Aim of the exercise :: Copy the records below exactly, from the line containing "An elevated piece, our" through the last line, and leave out every picture.

Provided records ::

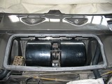 Am Wischwasserbehälter gab es nix besonderes beim Einbau. Ich habe nur die beiden Pumpen für Scheibenwischer und Scheinwerfer in die Dichtungen gesteckt. Dann habe ich den Behälter in den trapezförmigen Halter am Radeinbaublech fest eingeschoben und.........fertig. Später werden noch die Wasserschläuchen an den Pumpen angeschlossen.
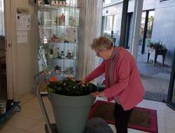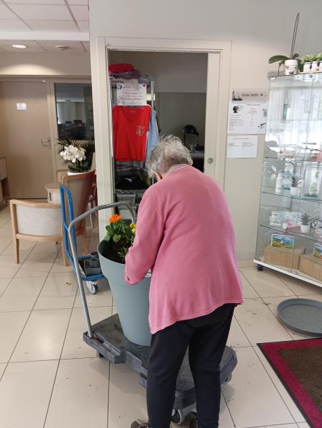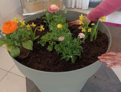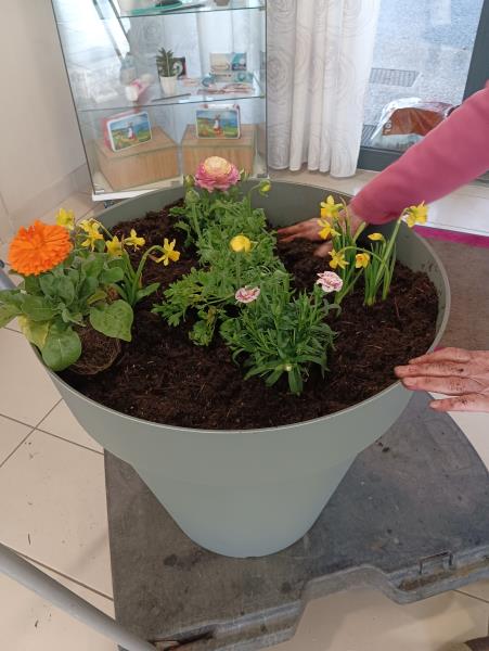 Ce beau temps donne également envie de faire du jardinage et de rafraichir les bacs de plante de l'établissement. Aussi, en ce samedi, Mme LAUNEY a mis en terre des jonquilles, arômes, dahlias, soucis et pensées... Ainsi 3 nouveaux pots de plantes sont arrivés sur la terrasse.
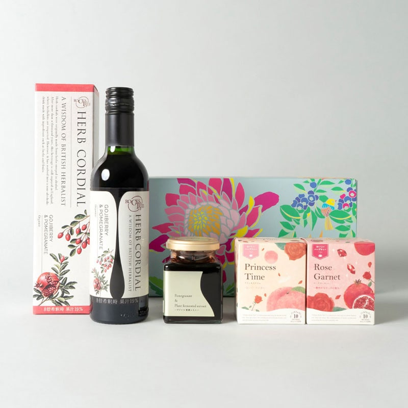 - ザクロ発酵エキス200g、おいしいハーブティー10ヶ入×2、ハーブコーディアル360ml
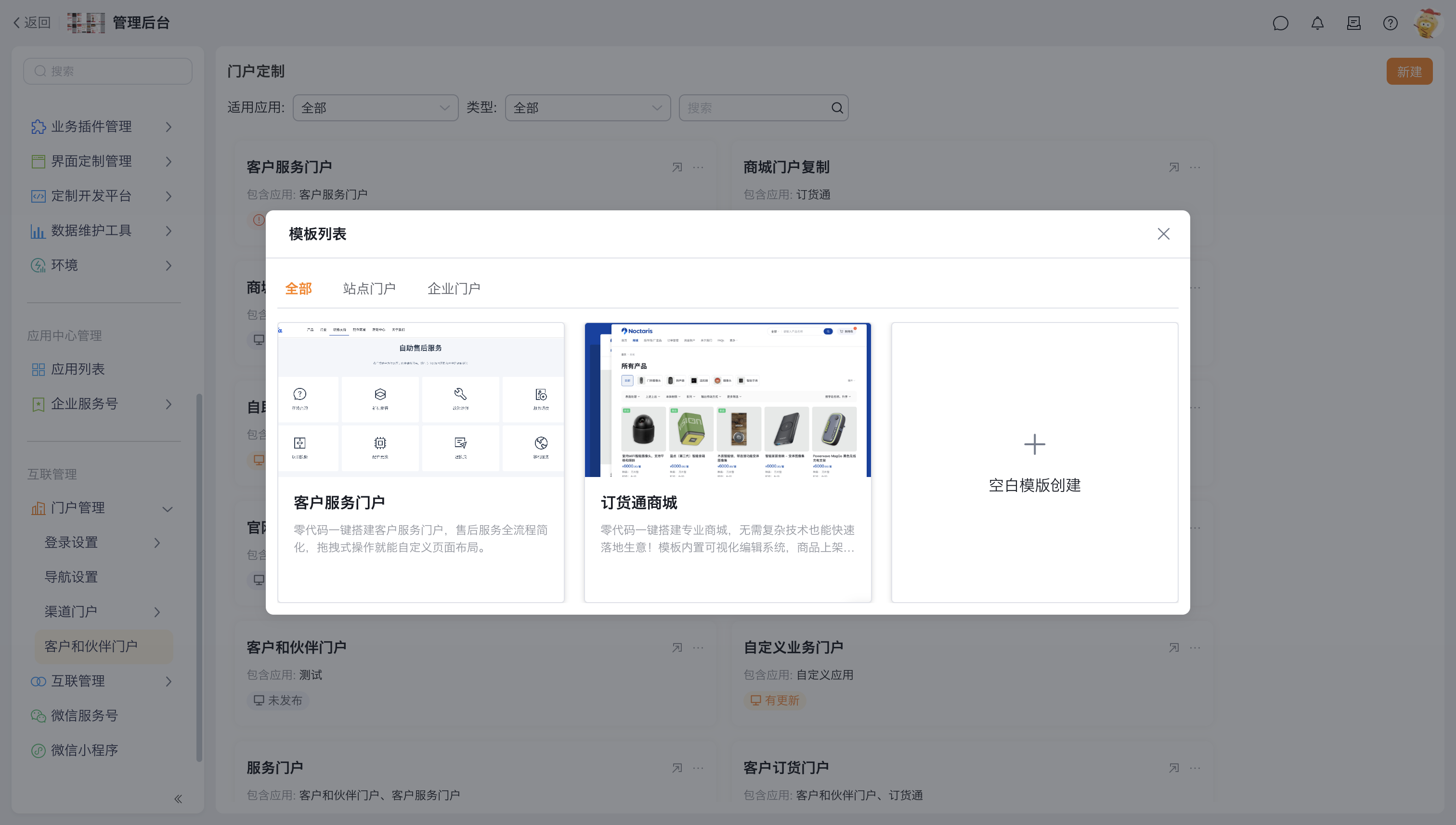 - 门户模板:预设互联应用根据客户的最佳体验提前预设的业务模板,方便管理员快速复用,简单微调就能做出好体验的专属业务门户。
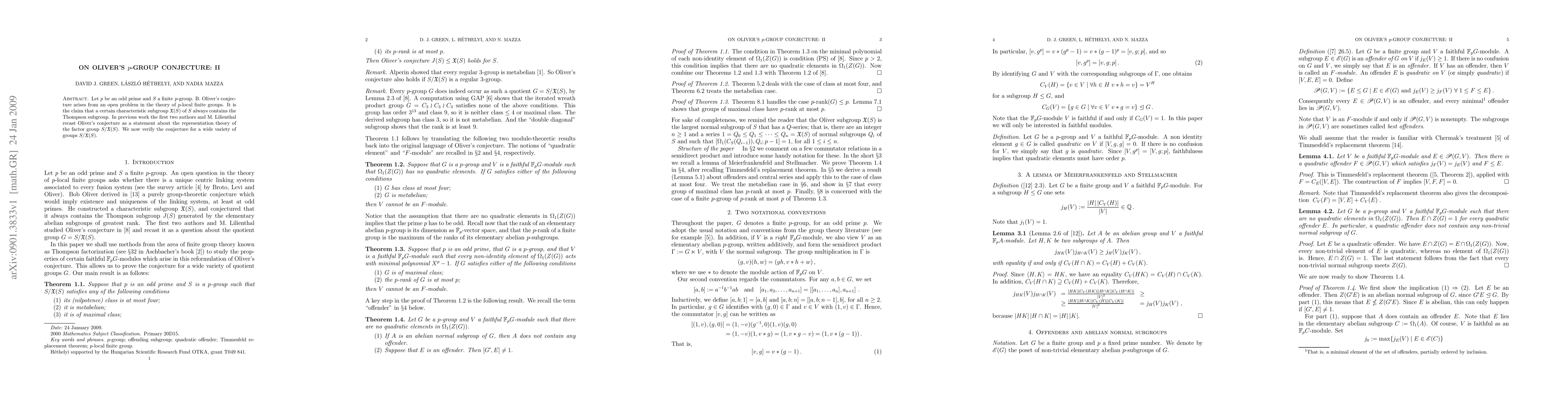 Let p be an odd prime and S a finite p-group. B. Oliver's conjecture arises from an open problem in the theory of p-local finite groups. It is the claim that a certain characteristic subgroup X(S) of S always contains the Thompson subgroup. In previous work the first two authors and M. Lilienthal recast Oliver's conjecture as a statement about the representation theory of the factor group S/X(S). We now verify the conjecture for a wide variety of groups S/X(S).
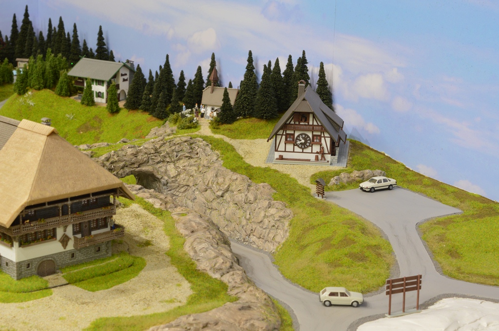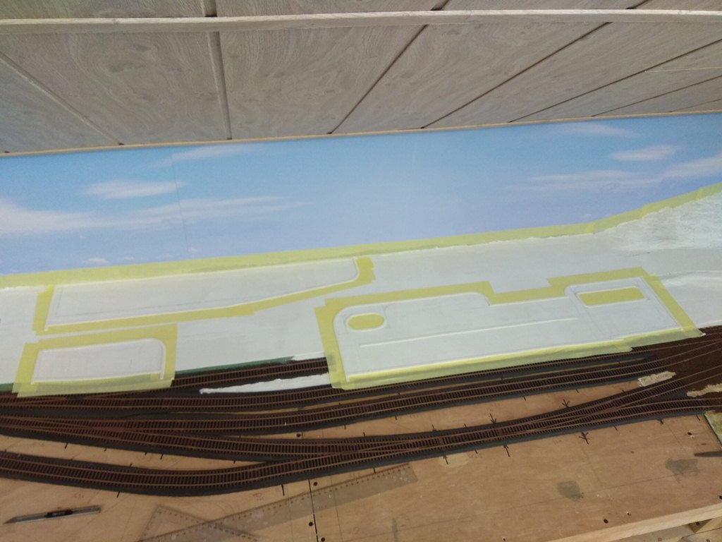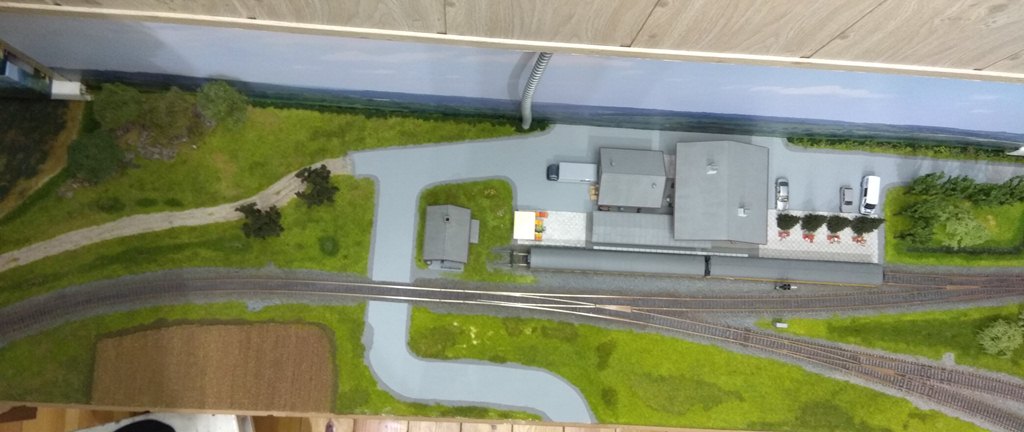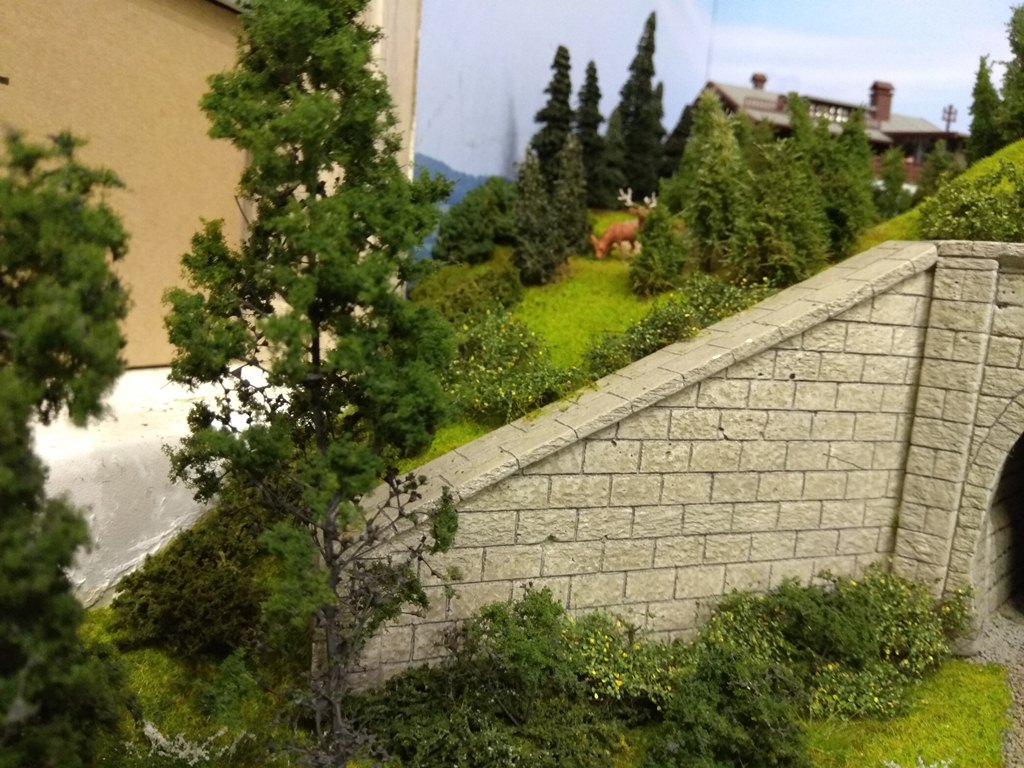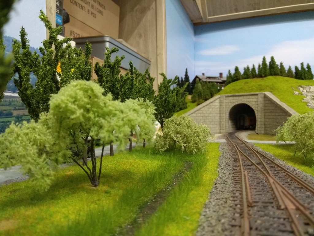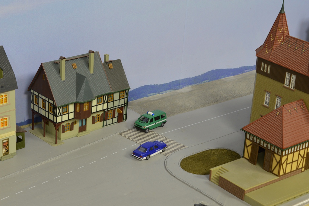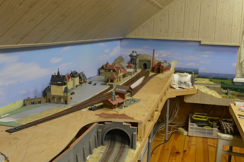 На сегодня в городе сделаны дорога и тротуары, дорога в горах за городам, уложены и частично забалластированы пути. Тротуары сделаны из моей любимой гипсовой шпаклевки вторым слоем над слоем дороги.
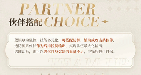 蓝银草为强控,技能多元化,可搭配防御、辅助或攻击系伙伴,选防御系伙伴作为后排控制输出,实现队伍最大化输出;
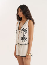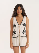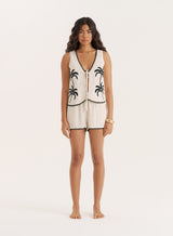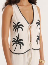 An elevated piece, our Kenna tie up top has been designed with relaxed tailoring in mind. Featuring a casual waistcoat silhouette in a summer linen-blend fabric, this style ties at the front and boasts an ecru hue with contrast palm print embroidery.
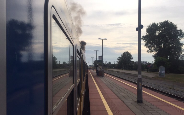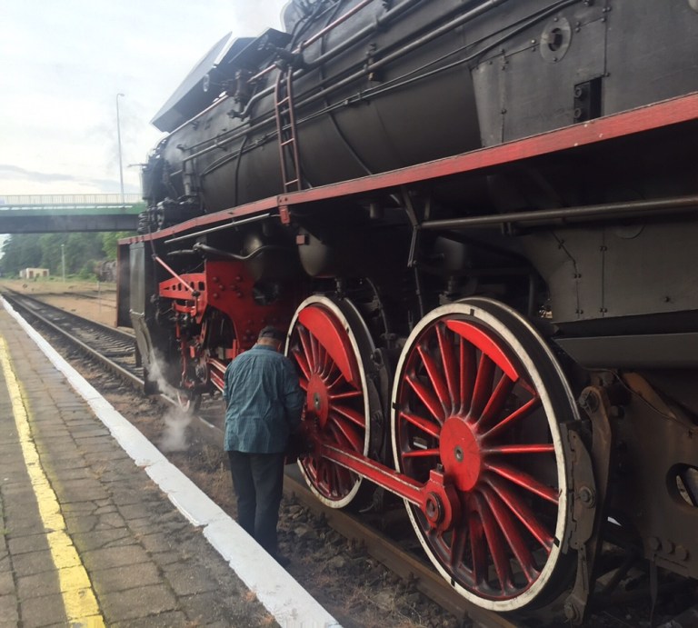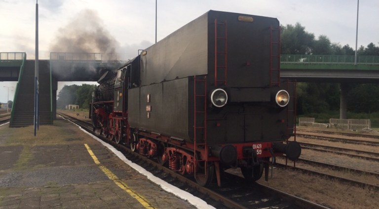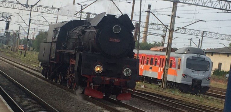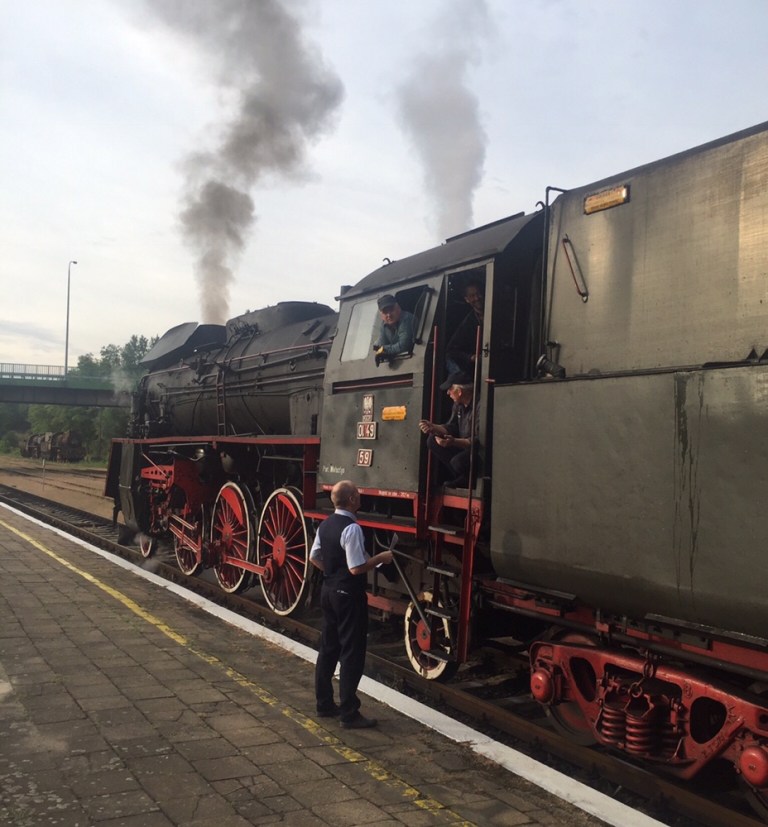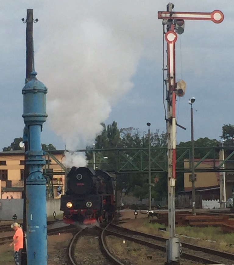 Mit nur wenigen Minuten Verspätung treffen wir in Posen ein. Die Lok wird abgehängt und fährt Richtung Bahnbetriebswerk um Wasser zu fassen.

Output below ::
 An elevated piece, our Kenna tie up top has been designed with relaxed tailoring in mind. Featuring a casual waistcoat silhouette in a summer linen-blend fabric, this style ties at the front and boasts an ecru hue with contrast palm print embroidery.
 Mit nur wenigen Minuten Verspätung treffen wir in Posen ein. Die Lok wird abgehängt und fährt Richtung Bahnbetriebswerk um Wasser zu fassen.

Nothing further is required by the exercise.